- Born: Alfred Sandwina November 5, 1918 Budapest, Hungary
- Died: September 22, 1983 (aged 64) Sydney, New South Wales, Australia
- Occupations: Actor and Singer
- Years active: c.1945–1983 (as actor)
- Spouse: Barbara James
- Parent(s): Max Heymann Katie Sandwina

= Alfred Sandor =

American actor (1918–1983)

Alfred Sandor (November 5, 1918 – September 22, 1983), born Alfred Sandwina, and billed early in his career as Al Sandwina, was a Hungarian-born American and Australian character actor and singer. He was also credited as Al Sander and Al Sandor.

==Early life and career==

Sandor was born in Budapest, Hungary during the turmoil of the Hungarian Revolutions and Interventions, He spent his early years travelling with the circus, where his mother, Katie Sandwina, was a circus strongwoman, and he had a background as a ringmaster (circus). After a brief career working as a boxer in New York City, he was a spy behind enemy lines during World War II.

==Acting career==

After World War II he returned to America, where he established himself as an actor, appearing in Broadway productions and musical theatre. On US television he appeared on The Phil Silvers Show, in a single episode of Dark Shadows in 1968 (playing Sheriff George Patterson) and on Our Five Daughters. His theatre work included Neil Simon's The Odd Couple, and Gypsy opposite Ethel Merman. His film work included The Return of Captain Invincible.
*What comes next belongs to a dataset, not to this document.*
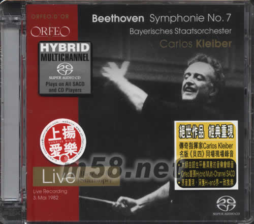 貝多芬第7交響樂(lè)BEETHOVEN SYMPHONIE NO 7 CARLOS KLEIBER指揮SACD(m58.net) 小克萊伯的貝多芬交響曲就不多介紹了,他指揮的貝多芬第五交響曲早已為大家所推崇。如果說(shuō)人們對(duì)貝五的最佳版本尚有一定爭(zhēng)議的話,那么貝多芬《第七交響曲》仿佛就是為小克萊伯所量身訂作,熱情如火的節(jié)奏律動(dòng)被他演繹的淋漓盡致,克萊伯的版本是沒(méi)有任何爭(zhēng)議的最佳版本。而今次為大家介紹的大師在1982年5月2/3日,與巴伐利亞國(guó)家管弦樂(lè)團(tuán)在慕尼黑的國(guó)立劇場(chǎng)舉行卡爾.伯姆的追思音樂(lè)會(huì),演奏了貝多芬第四、第七號(hào)交響曲。前半場(chǎng)演出的第四交響曲在1993年由Orfeo發(fā)行CD,下半場(chǎng)的第七被塵封多年于2006年1月以SACD的形式面世。與此同時(shí)該版本是克萊伯本人認(rèn)為生平最滿意的音樂(lè)會(huì)錄音,Orfeo更首次采用了Hybrid Multi-Channel SACD進(jìn)行制作發(fā)售,可以說(shuō)是完美地再現(xiàn)了這個(gè)經(jīng)典的一刻,無(wú)論你是音樂(lè)或音響愛(ài)好者這個(gè)版本都不容錯(cuò)過(guò)。
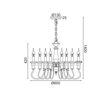 AcaLights ^ΚΡΕΜΑΣΤΟ Φ/Σ 8ΧΕ14 ΑΝΤΙΚΕ/ΣΚΟΥΡΙΑ ΜΕΤΑΛΛΙΚΟ D60XH150CM TOULOUSE

Sandor later travelled to Australia (where he took up citizenship), to appear in a touring production of Plaza Suite, the play The Best Little Whorehouse in Texas (with Lorraine Bayly and Mona Richardson), and he appeared in the film Nickel Queen, whilst doing television work with roles in Number 96, Division 4, Boney and The Evil Touch. However, he would become best known for his long-running role as the "dandy" surgeon Dr. Raymond Shaw in the Australian television soap opera The Young Doctors. An original cast member of the serial, he continued in the role for six years, leaving around 20 episodes before the programme's conclusion due to ill health.

==Death==

After suffering from ill health for some time, he died of lung cancer in Sydney, Australia in 1983, aged 64.